Mar. 3, 2012
(Jesus said), “You are those who have stood by me in my trials. And I confer on you a kingdom, just as my Father conferred one on me, so that you may eat and drink at my table in my kingdom and sit on throne, judging the twelve tribes of Israel.”
There are different kinds of friends. There are the acquaintances, the people we know somewhat but aren’t part of your inner circle. There are friends of friends, people you know because of someone else. There are co-worker/co-business friends. These are folks who’ve become acquainted with through an organization such as work, business, volunteering, and your child’s soccer team. There are life-long friends, people you’ve known for a long time. Maybe you were friends because you grew up together or your parents were friends. Later in life, you choose whether to continue these relationships.

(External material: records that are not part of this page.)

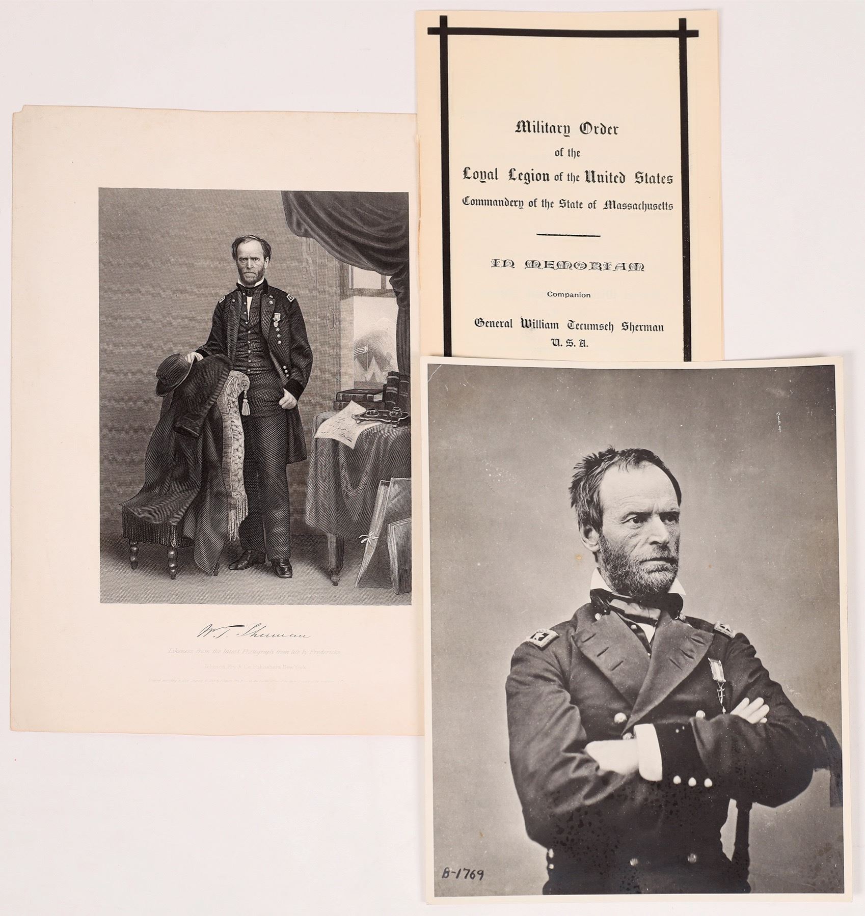 This memorial speech written at the time of General William Tecumseh Sherman's death in 1891 includes a copy of his hand written letter to the Governor of Louisiana on the18th of January, 1861 proclaiming his loyalty to the Old Government of the United States and that the governor "should take immediate steps to relieve me the moment that the state determines to secede." This would be Sherman's defining moment. This eulogy was presented by the Military Order of the Loyal Legion of the State of Massachusetts in Memoriam for Companion General William Tecumseh Sherman April 9, 1891. This is four pages of the eulogy speech with two pages of the copy of Sherman's letter to the governor. Accompanying this document are two likenesses of Sherman; one is an etched copper plate of the General in his blues wearing the usual scowl. ( 8 1/2 in. X 11 in. Johnson, Fry & Co. N.Y.) And the other is a National Archived photo 7 1/2 in. X 10 in. series B-1769. Sherman always appeared with this familiar scowl as a lasting reminder of the uselessness of the Civil War. He also planned for a cannon from Fort Sumter to be placed at the entry to the Military School at Louisiana Sate University where he taught; as a reminder to forever stay loyal the United States Government. The cannon is still there. State:Massachusetts City: Date: Provenance:
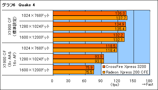そして今回も,それは変わらず。なかなか理解に苦しむスコアだ。Radeon Xpress 200 CFEで見られる,標準設定時の落ち込みがCrossFire Xpress 3200ではなくなったため,ついに最適化を果たしたように見える。その一方,8x AA&16x AF設定時のスコアは1280×1024ドットと1600×1200ドットでほとんど変わらないなど,やはりまだ,全幅の信頼はできそうにない。
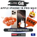 MediaMarkt bietet das iPhone 16 Pro Max (256 GB) aktuell mit dem O2 Mobile Unlimited Max Tarif zu folgenden Konditionen an:
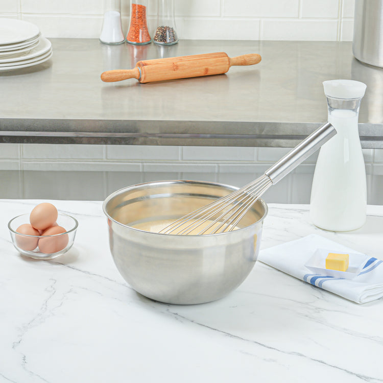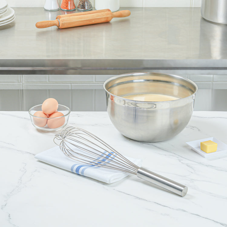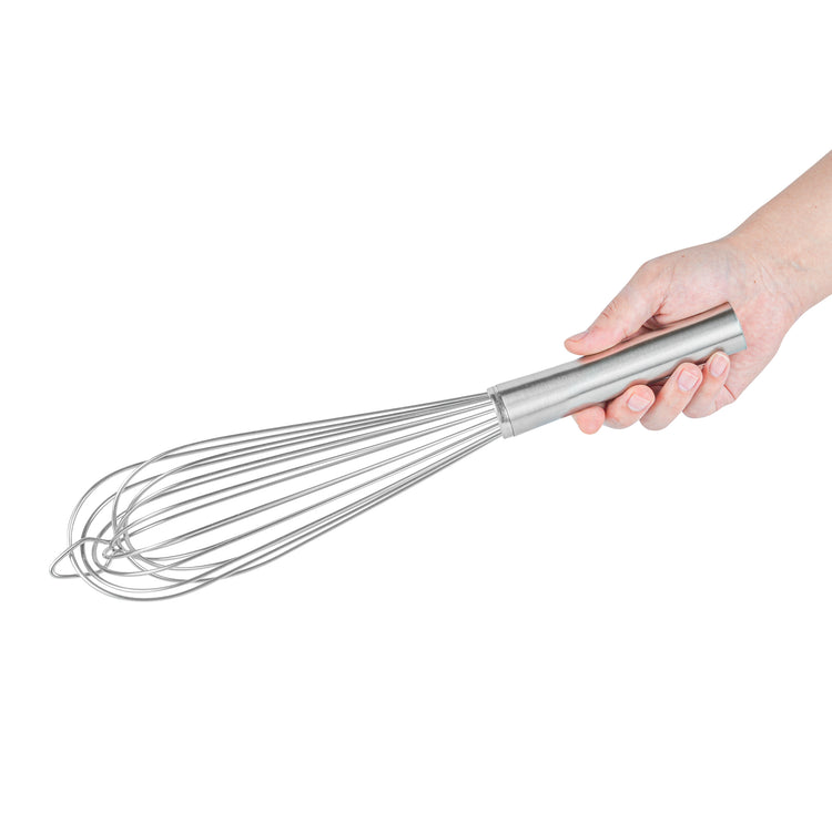 Construct silky smooth batters with our Met Lux Stainless Steel French Whisk. Manufactured with premium stainless steel, this baking whisk stands the test of time by resisting rust, ensuring enduring use. The thick wires of this hand whisk is ideal for rustling up thicker batters and guarantees well-mixed results. This stainless steel whisk includes an ergonomic handle for a comfortable grip, promoting an efficient cooking experience. Simplifying your post-cooking cleanup, this balloon whisk is dishwasher-safe. Measuring 16 inches in length by 3 inches in width by 3 inches in height, this cooking whisk is crafted to serve your whisking needs. Sold in a 1 count box.
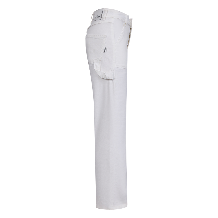 • Deze broek uit de zomercollectie van Retour Jeans heeft een rechte fit. Het model heeft een hoge taille en licht uitlopende pijpen met grote steekzakken. Voorzien van een verstelbaar elastiek in de taille en een gulp met knoop- en ritssluiting.

There are Christmas card friends: people you hear from once a year. There are closer friends, people you are a more personal with. You have coffee or lunch, take in a social outing, people who help with car pooling, when you need another volunteer for something, etc. Then there are your closest friends: people you turn to when need love, support, a shoulder to cry upon, advice or someone to listen.
As I get older, I have close friends in different arenas of my life. I have a pastor friend who I look to for support. One of my college roommates is a dear support to me. Hopefully vice versa. I have my “oldest” friend; we’ve know each other forever. I have my neighbor friend. And I have lots of friends who I see at church, for lunch, in various aspects of my life. Oh, yah, there’s my spouse.
Facebook and social media have changed who we think of as “friends.” Some people want only their true friends to befriend. Others want as many as possible.
Jesus intentionally chose 12 guys to be his inner circle. They didn’t all know each other. Jesus was the only thing in common. They came from different backgrounds, socio-economic groups, cities and villages. We know they had disagreements and didn’t always get along. And that’s OK. With 12, there will be smaller groups within the larger group. Peter, James and John were the three guys of Jesus’ smaller, closer group.
Through life, our friends change. I value and appreciate friends that I do not see very often but feels as if time and distance do not hinder our ability to be good friends. At times, I’ve had difficult conversations with some friends: when I’ve felt let down, as I’ve changed careers, etc. The result often goes one of two ways: we move into a deeper understanding of how to support each other OR we discover that we’re not as compatible.
Look at Jesus words again. He’s thanking his closest friends for journeying with him the last three years. He realizes that it hasn’t always been easy being his friend. Soon, he tells them, you will receive a great reward for sticking by me. Everything I know will be available for you. Everything. Wow, what a friend. I might be able to do this for a couple people. Jesus opens up everything for you, not to lure you as a friend, but to show how much he cares for you. That’s an exceptional friend.
Let us pray: Are we weak and heavy laden, cumbered with a load of care? Precious Savior, still our refuge; take it to the Lord in prayer. Do thy friends despise, forsake thee? Take it to the Lord in prayer! In his arms he’ll take and shield thee; thou wilt find a solace there! Amen.